**Instructions for the task:**
Your answer must be a word-for-word copy of the listing, with all pictures excluded.

**Exercise data:**
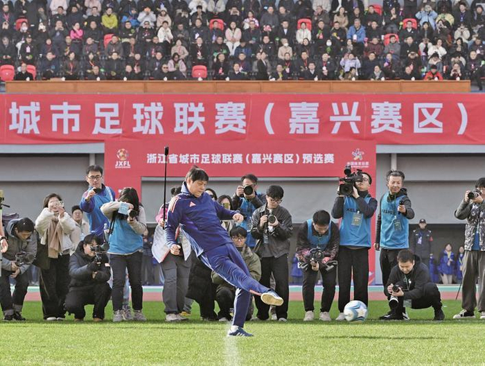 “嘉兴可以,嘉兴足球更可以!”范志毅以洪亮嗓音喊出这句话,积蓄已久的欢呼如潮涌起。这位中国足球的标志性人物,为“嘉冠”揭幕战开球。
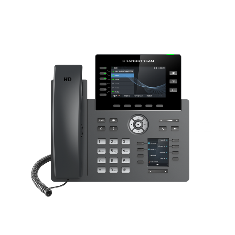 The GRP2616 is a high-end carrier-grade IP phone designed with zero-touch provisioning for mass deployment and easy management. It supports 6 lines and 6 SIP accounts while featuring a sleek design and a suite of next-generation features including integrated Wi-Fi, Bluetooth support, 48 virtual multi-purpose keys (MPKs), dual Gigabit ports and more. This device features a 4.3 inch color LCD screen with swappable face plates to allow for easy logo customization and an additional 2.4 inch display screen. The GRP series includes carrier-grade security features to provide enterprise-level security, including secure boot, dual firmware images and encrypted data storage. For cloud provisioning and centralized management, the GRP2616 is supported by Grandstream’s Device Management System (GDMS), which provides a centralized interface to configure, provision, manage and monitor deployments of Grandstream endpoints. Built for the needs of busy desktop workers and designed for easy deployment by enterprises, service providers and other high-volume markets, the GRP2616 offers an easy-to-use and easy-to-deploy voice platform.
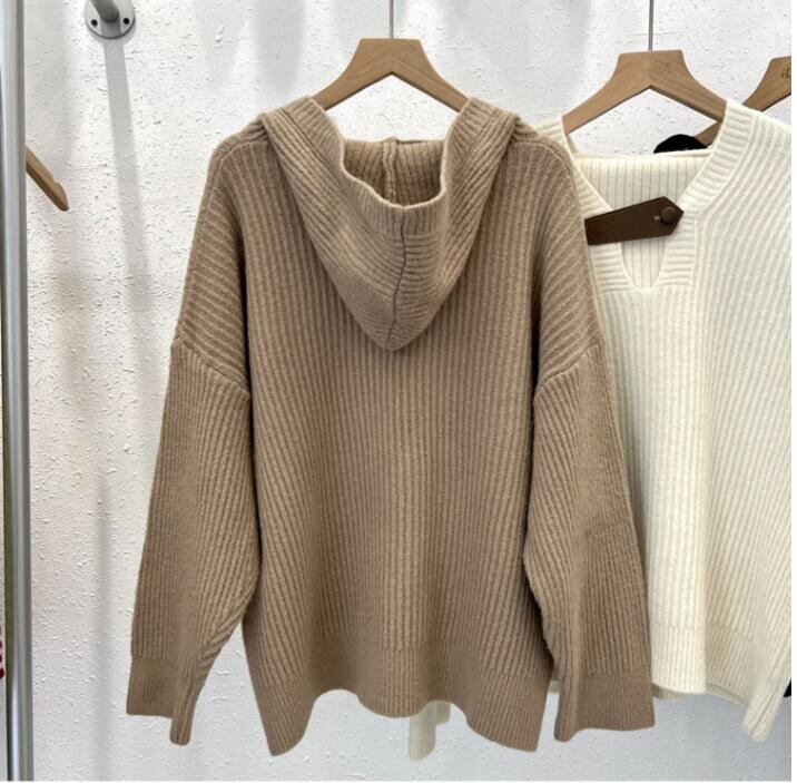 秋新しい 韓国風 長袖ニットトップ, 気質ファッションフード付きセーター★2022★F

**Written response:**
 “嘉兴可以,嘉兴足球更可以!”范志毅以洪亮嗓音喊出这句话,积蓄已久的欢呼如潮涌起。这位中国足球的标志性人物,为“嘉冠”揭幕战开球。
 The GRP2616 is a high-end carrier-grade IP phone designed with zero-touch provisioning for mass deployment and easy management. It supports 6 lines and 6 SIP accounts while featuring a sleek design and a suite of next-generation features including integrated Wi-Fi, Bluetooth support, 48 virtual multi-purpose keys (MPKs), dual Gigabit ports and more. This device features a 4.3 inch color LCD screen with swappable face plates to allow for easy logo customization and an additional 2.4 inch display screen. The GRP series includes carrier-grade security features to provide enterprise-level security, including secure boot, dual firmware images and encrypted data storage. For cloud provisioning and centralized management, the GRP2616 is supported by Grandstream’s Device Management System (GDMS), which provides a centralized interface to configure, provision, manage and monitor deployments of Grandstream endpoints. Built for the needs of busy desktop workers and designed for easy deployment by enterprises, service providers and other high-volume markets, the GRP2616 offers an easy-to-use and easy-to-deploy voice platform.
 秋新しい 韓国風 長袖ニットトップ, 気質ファッションフード付きセーター★2022★F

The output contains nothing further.